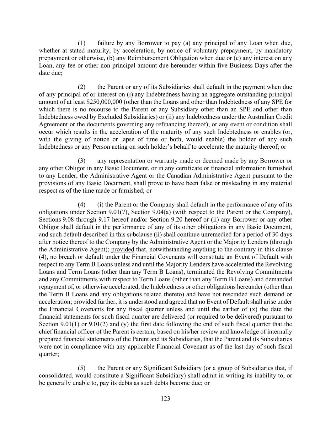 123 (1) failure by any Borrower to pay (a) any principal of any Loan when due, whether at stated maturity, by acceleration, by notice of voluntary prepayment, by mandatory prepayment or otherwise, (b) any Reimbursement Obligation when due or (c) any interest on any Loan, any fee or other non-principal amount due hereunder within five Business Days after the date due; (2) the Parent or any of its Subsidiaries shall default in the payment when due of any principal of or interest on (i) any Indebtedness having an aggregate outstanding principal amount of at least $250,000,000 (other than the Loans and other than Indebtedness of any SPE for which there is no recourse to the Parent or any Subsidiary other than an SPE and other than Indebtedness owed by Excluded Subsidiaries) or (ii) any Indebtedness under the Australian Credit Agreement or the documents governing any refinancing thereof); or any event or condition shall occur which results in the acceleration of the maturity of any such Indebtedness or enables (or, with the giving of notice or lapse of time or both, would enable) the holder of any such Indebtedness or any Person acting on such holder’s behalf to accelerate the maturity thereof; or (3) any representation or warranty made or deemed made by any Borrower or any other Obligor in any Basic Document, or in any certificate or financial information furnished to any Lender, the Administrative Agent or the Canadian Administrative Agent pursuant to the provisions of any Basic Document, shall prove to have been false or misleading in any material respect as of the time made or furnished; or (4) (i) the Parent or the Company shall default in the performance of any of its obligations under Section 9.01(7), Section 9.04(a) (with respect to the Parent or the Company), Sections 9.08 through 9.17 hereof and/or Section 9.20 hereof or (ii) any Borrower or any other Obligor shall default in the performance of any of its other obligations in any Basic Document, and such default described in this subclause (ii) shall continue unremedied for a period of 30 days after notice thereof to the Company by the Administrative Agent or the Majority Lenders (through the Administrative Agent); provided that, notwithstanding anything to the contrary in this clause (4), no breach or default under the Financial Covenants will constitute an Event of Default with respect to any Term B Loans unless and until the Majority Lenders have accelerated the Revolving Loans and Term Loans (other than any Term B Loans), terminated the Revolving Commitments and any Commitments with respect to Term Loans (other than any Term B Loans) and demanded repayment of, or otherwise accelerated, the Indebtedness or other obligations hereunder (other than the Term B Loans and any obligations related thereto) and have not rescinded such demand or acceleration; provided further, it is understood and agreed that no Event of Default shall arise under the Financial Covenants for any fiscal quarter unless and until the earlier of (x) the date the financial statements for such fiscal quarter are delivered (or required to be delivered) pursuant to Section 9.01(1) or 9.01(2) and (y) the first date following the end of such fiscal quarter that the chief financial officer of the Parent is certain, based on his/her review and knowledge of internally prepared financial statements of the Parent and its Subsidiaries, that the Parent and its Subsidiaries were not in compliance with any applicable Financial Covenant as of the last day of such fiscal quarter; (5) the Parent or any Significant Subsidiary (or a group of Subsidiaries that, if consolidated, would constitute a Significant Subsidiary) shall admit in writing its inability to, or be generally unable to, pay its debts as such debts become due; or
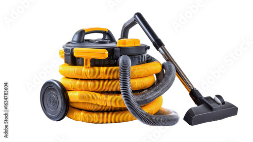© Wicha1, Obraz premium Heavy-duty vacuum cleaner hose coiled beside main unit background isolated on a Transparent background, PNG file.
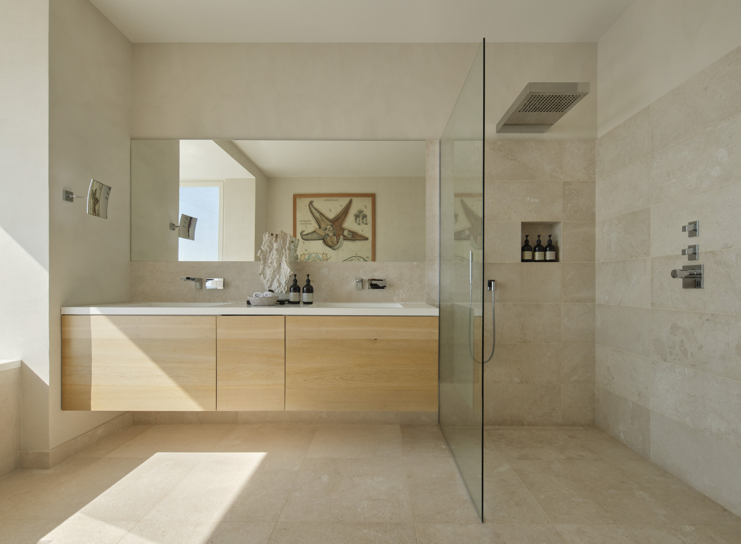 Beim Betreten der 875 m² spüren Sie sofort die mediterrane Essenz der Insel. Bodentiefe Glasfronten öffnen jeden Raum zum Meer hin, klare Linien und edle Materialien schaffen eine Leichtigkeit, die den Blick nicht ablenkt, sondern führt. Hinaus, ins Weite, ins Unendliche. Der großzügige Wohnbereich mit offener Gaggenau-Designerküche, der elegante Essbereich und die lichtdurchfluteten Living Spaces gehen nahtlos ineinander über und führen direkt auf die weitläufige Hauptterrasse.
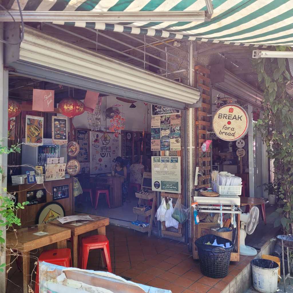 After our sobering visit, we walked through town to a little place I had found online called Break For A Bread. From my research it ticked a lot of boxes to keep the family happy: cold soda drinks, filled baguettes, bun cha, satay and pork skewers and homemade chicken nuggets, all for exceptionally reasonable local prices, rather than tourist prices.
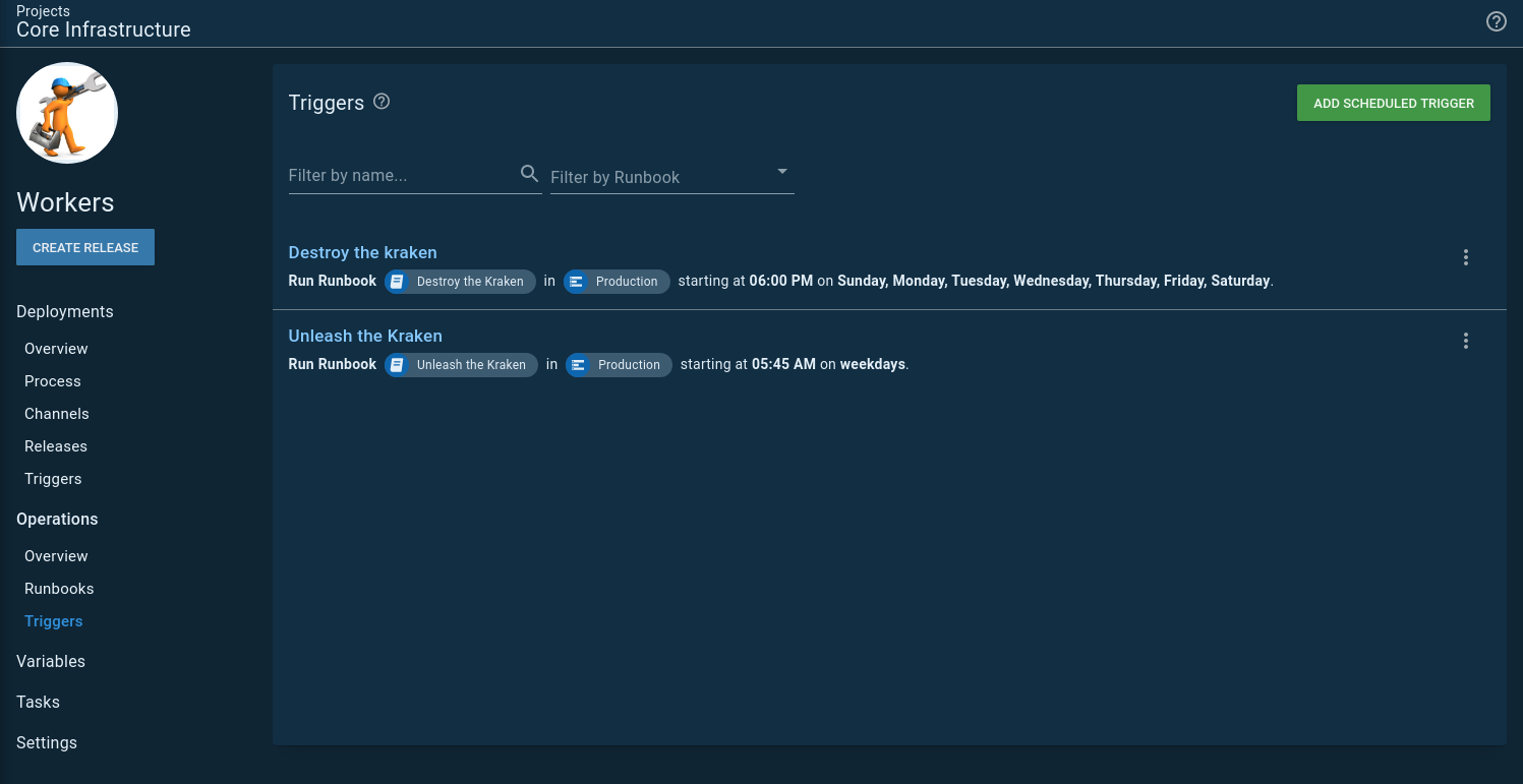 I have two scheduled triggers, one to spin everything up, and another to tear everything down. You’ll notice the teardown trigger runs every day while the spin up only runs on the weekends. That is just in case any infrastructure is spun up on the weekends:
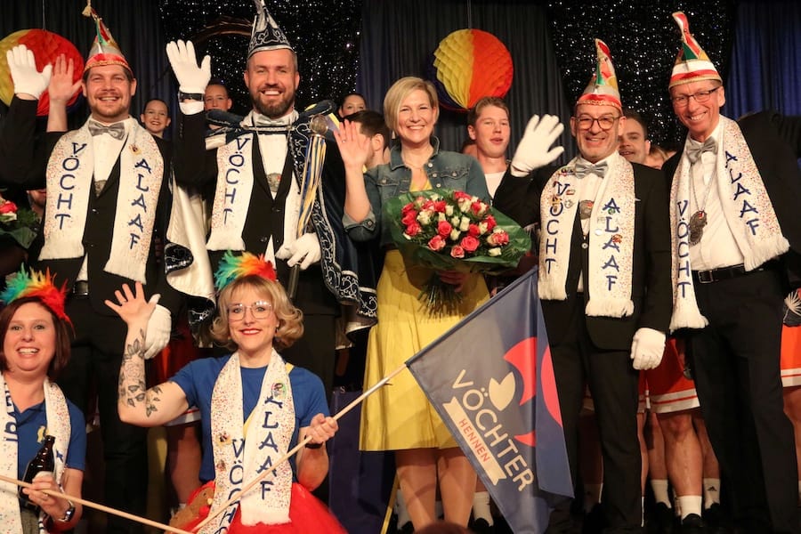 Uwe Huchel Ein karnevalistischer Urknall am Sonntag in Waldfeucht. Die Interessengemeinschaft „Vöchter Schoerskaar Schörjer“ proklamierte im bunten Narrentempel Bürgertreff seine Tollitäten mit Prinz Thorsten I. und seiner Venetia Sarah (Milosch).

════════════════

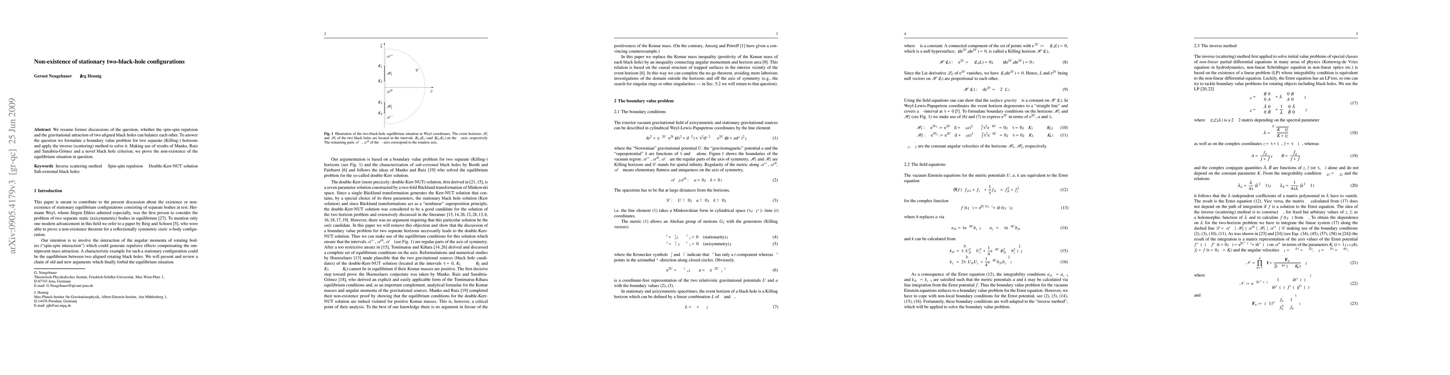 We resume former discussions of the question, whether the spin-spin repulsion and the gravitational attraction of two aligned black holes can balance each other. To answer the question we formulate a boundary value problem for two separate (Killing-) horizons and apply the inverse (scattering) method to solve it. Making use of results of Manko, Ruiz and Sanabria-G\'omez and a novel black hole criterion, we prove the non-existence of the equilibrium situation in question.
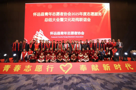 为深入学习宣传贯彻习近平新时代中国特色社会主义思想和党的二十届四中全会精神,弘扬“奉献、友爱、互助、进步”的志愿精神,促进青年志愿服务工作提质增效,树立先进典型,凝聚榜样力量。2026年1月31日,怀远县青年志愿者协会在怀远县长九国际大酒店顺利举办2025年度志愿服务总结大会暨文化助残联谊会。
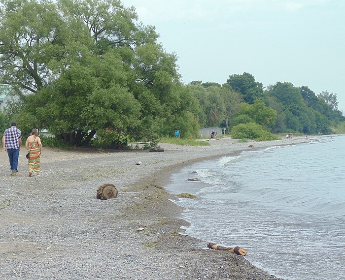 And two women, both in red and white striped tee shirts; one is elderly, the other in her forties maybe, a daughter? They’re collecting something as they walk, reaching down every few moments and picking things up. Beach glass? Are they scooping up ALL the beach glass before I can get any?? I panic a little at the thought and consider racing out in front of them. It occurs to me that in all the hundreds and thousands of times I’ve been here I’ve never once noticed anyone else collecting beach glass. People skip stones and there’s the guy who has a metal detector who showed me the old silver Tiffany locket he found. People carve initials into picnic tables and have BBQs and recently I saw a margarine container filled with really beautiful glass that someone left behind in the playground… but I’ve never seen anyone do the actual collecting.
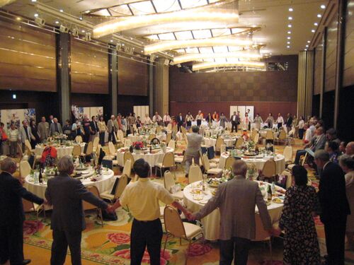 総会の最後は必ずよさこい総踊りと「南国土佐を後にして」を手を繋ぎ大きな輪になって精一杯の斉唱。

════════════════

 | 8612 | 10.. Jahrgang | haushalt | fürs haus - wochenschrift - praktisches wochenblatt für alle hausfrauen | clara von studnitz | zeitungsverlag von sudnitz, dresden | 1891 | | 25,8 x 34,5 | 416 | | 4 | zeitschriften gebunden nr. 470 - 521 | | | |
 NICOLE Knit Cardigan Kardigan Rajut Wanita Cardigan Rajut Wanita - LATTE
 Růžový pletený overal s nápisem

════════════════

### WORK ITEM
Repeat the lines above exactly, beginning with the one containing "After our sobering" and finishing with the one containing "Uwe Huchel Ein". No pictures belong in the copy.

### RESPONSE TO THIS TASK
 After our sobering visit, we walked through town to a little place I had found online called Break For A Bread. From my research it ticked a lot of boxes to keep the family happy: cold soda drinks, filled baguettes, bun cha, satay and pork skewers and homemade chicken nuggets, all for exceptionally reasonable local prices, rather than tourist prices.
 I have two scheduled triggers, one to spin everything up, and another to tear everything down. You’ll notice the teardown trigger runs every day while the spin up only runs on the weekends. That is just in case any infrastructure is spun up on the weekends:
 Uwe Huchel Ein karnevalistischer Urknall am Sonntag in Waldfeucht. Die Interessengemeinschaft „Vöchter Schoerskaar Schörjer“ proklamierte im bunten Narrentempel Bürgertreff seine Tollitäten mit Prinz Thorsten I. und seiner Venetia Sarah (Milosch).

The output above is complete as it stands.